Repeat the records below exactly as they appear, leaving out any pictures.

** Opening DATA EXCERPTS block **

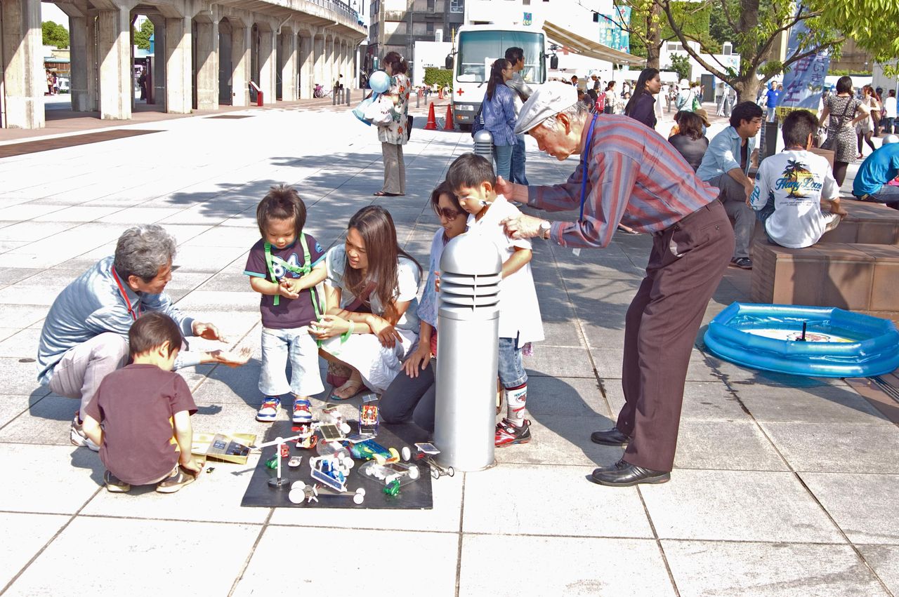 2日目は雨降りのつもりでテントを開けたが降る気配はない、それどころか日差しが見えてきた。モジュールも発電は順調。しかし、天気が悪いと思ってか、観客の出足はよくない。11時ごろになっても前日より少ない。ようやく午後になって、少し増えた。日本大通りの方はどうかと偵察に行ってみると、こちらは混雑で人ごみをかき分けて通るほどであった。やはりメインの通りは違うんだとひがむ気持ちが出かかった。
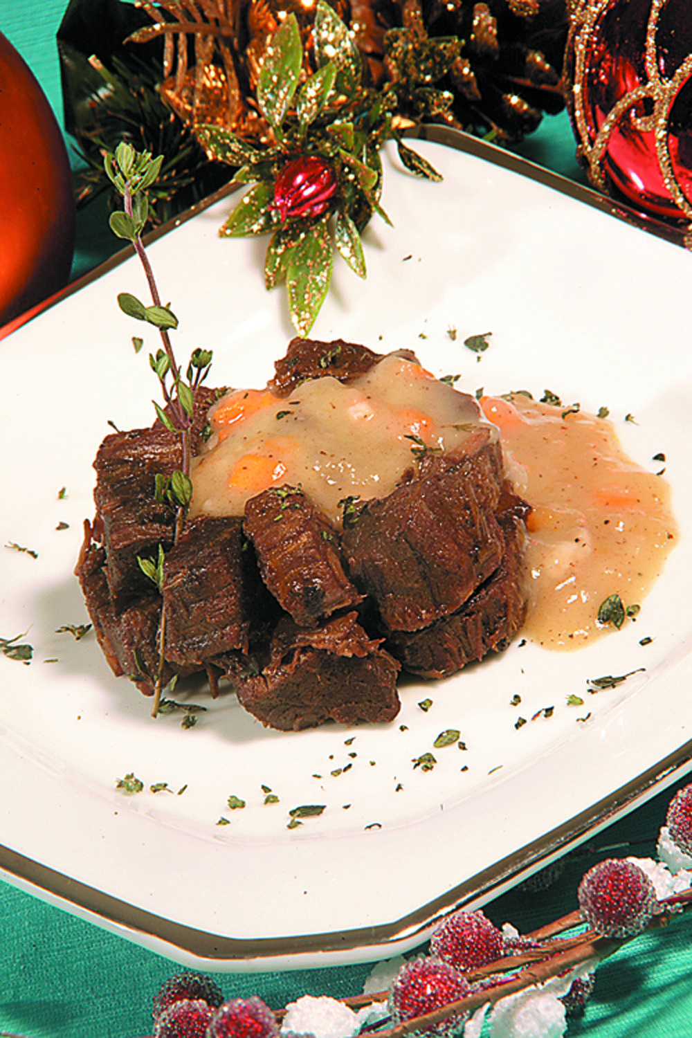 - Num prato, coloque o lombo de novilho cortado em fatias grossas.
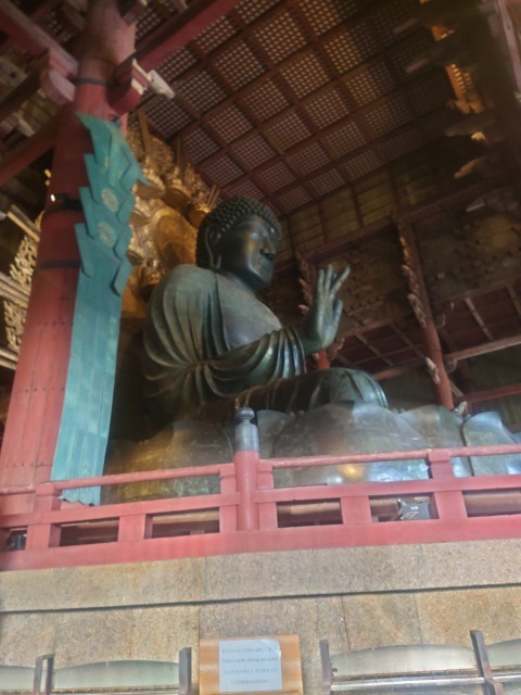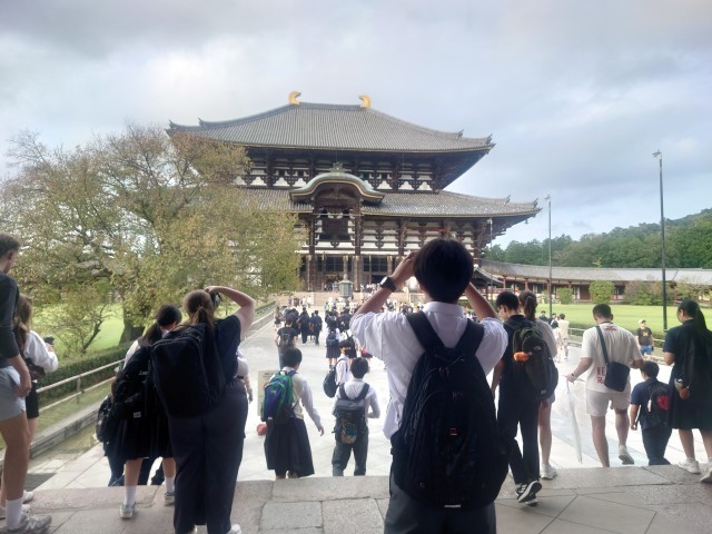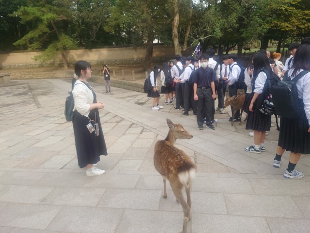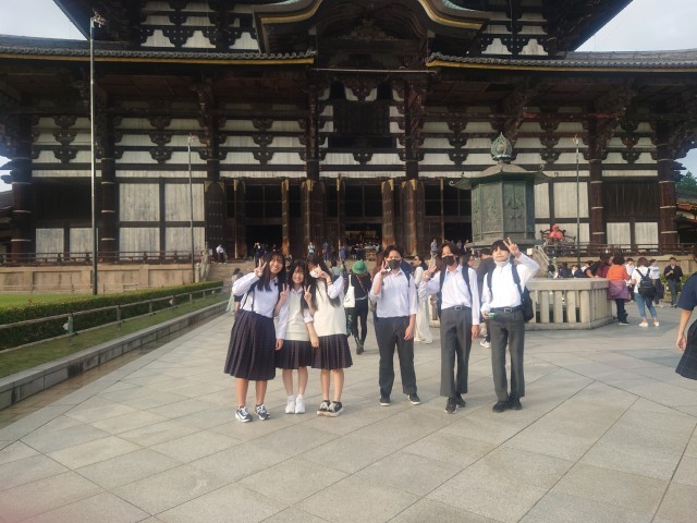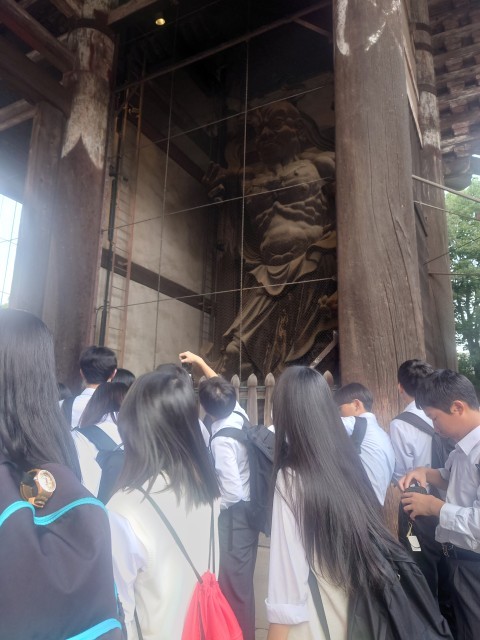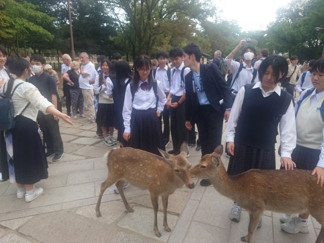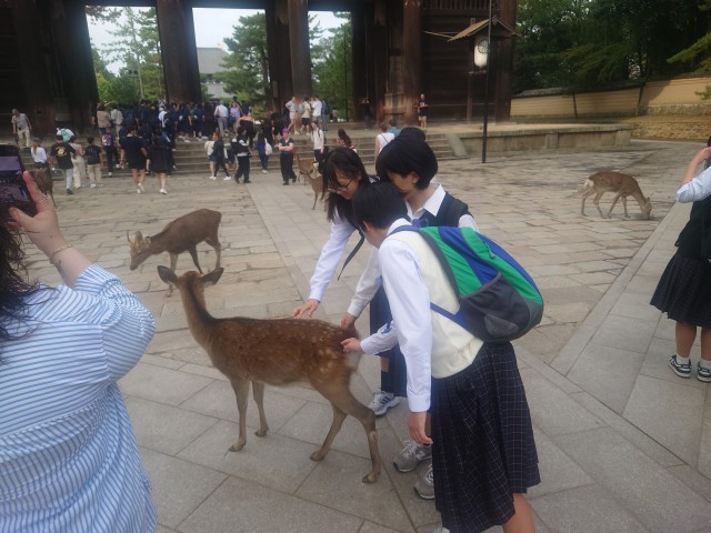 奈良公園に来ました。鹿せんべいを買ってあげている人がたくさんいます。鹿の圧力に押され、いろいろなところで悲鳴のような声が聞こえてました。世界遺産に登録されている東大寺大仏殿を班行動で見学しました。このあと宿にに向かいます。
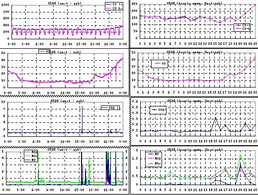 ●船の排気の影響をうけているところがいくつかあり、NOxなどにスパイク多数。
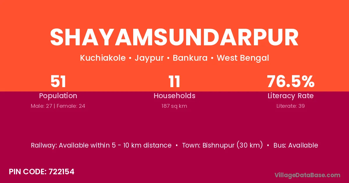 Bishnupur (30 km) is the nearest town to Shayamsundarpur village for major economic activities and is located approximately 30 km away.
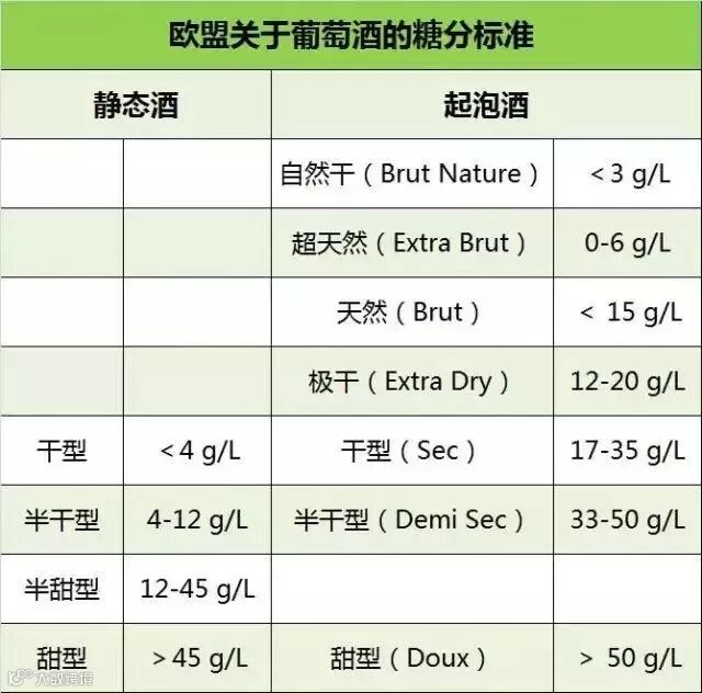 以上提到的一般只适用于静态酒,在欧盟标准中,起泡酒有另外一套适用的准则。如图:

** Closing DATA EXCERPTS block **

ANSWER SPACE
 2日目は雨降りのつもりでテントを開けたが降る気配はない、それどころか日差しが見えてきた。モジュールも発電は順調。しかし、天気が悪いと思ってか、観客の出足はよくない。11時ごろになっても前日より少ない。ようやく午後になって、少し増えた。日本大通りの方はどうかと偵察に行ってみると、こちらは混雑で人ごみをかき分けて通るほどであった。やはりメインの通りは違うんだとひがむ気持ちが出かかった。
 - Num prato, coloque o lombo de novilho cortado em fatias grossas.
 奈良公園に来ました。鹿せんべいを買ってあげている人がたくさんいます。鹿の圧力に押され、いろいろなところで悲鳴のような声が聞こえてました。世界遺産に登録されている東大寺大仏殿を班行動で見学しました。このあと宿にに向かいます。
 ●船の排気の影響をうけているところがいくつかあり、NOxなどにスパイク多数。
 Bishnupur (30 km) is the nearest town to Shayamsundarpur village for major economic activities and is located approximately 30 km away.
 以上提到的一般只适用于静态酒,在欧盟标准中,起泡酒有另外一套适用的准则。如图:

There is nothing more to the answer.